Peter closes the door without a sound. Hangs the keys to the Volvo on the hook in the hall. He sits in the kitchen with Kira for a very long time without a word being spoken. Eventually Kira whispers:

“This isn’t about us now. It’s all about how she’s going to get through this.”

Peter stares fixedly at the table.

“She’s so strong,” he says. “I don’t know what to say to her; she’s already stronger than me.”

Kira’s fingernails dig fresh grooves in her skin.

“I want to kill him, Peter. I want... I want to see him die.”

“I know.”

Kira is shaking as he crosses the force field and holds her, and they whimper and sniff together, holding back hard so as not to wake the children. They will never stop blaming themselves for this.

“It’s not your fault, Peter. It wasn’t hockey’s fault. What is it they say... ‘it takes a village to raise a child’?” she whispers.

“Maybe that’s the problem. Maybe we picked the wrong village,” he replies.

***

The juniors are picked up from the rink by their parents. They go home in silent cars to silent houses where the only lighting comes from an assortment of screens. Before dawn, Lyt goes over to Bobo’s. They don’t talk much, just share the feeling that they have to do something. Have to act. They walk through the town, picking up more juniors outside their homes. Like a black swarm they move between gardens, fists clenched under the dark sky, wild eyes staring out across empty streets. Hour after hour, until the sun goes up. They feel threatened, feel that they’re under attack. They want to shout out to each other what this team means to them—loyalty and love—and how much they love their team captain. But they don’t have the words, so they try to find other ways to show it instead. They walk side by side, like a menacing army. They would dearly like to rescue something. Damage something. Destroy. They’re on the hunt for an enemy, any will do.

***

Amat gets home and goes straight to bed. Fatima sits quietly in the other room. The next morning they take the bus to the rink. No one says a word there either. Amat puts his skates on, picks up his stick, and skates furiously across the ice, hurting himself by crashing into the boards at the other end.

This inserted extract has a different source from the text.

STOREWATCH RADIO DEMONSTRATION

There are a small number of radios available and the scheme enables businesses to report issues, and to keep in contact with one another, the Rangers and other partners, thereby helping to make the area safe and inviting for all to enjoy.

He doesn’t allow himself to cry until he’s sweating so much that no one can see.

***

In a house a mom and a dad are sitting at a kitchen table.

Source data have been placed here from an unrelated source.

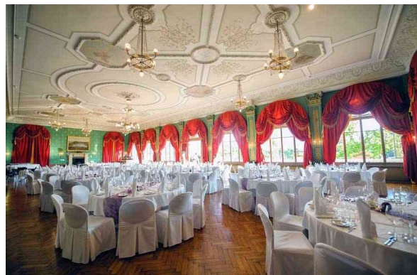
Einsiedeln Abbey, Hotel Seeburg
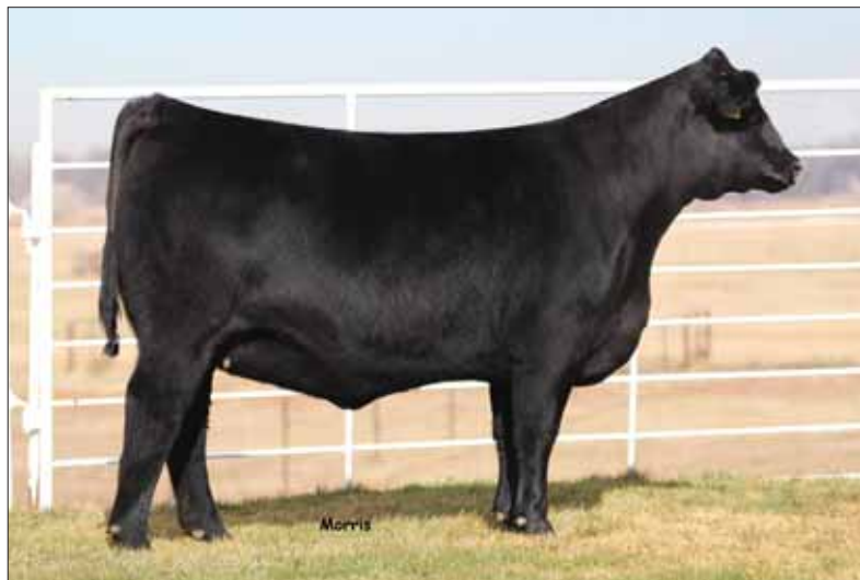
Donor, MAGS Calico 504C
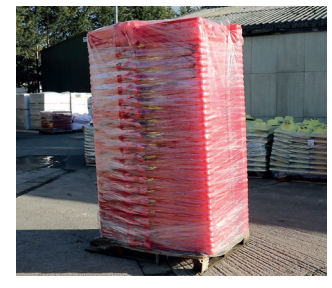
AlphaBloc® Space Saver barriers are supplied on pallets. They are shrink wrapped in plastic and secured with plastic banding straps.

“I’m just saying... what if...?...?” the mother says.

“Do you believe that of our SON!? What sort of mother are you if you can seriously BELIEVE THAT OF OUR CHILD!” the father roars.

She shakes her head in despair, staring down at the floor. He’s right, of course. What sort of mother is she? She whispers, “Of course not,” of course she doesn’t believe that of their son. She tries to explain that everything’s just so mixed up, no one’s thinking rationally right now, we just need to try to get some sleep.

“I’m not going to sleep as long as Kevin’s being held by the police, you can be very fucking clear on that point!” the father declares.

She nods. She doesn’t know if she’s ever going to sleep again.

“I know, darling. I know.”

***

In another house, another mom and another dad are sitting at another kitchen table. Ten years ago they left Canada and moved to Beartown, because it was the safest, most secure place they could think of. Because they so desperately needed somewhere in the world where it felt as if nothing bad could happen.

They’re not talking now. They don’t say a word all night long. Each of them knows what the other is thinking anyway. “We can’t protect our children.”

***

We can’t protect our children we can’t protect our children we can’t protect our children.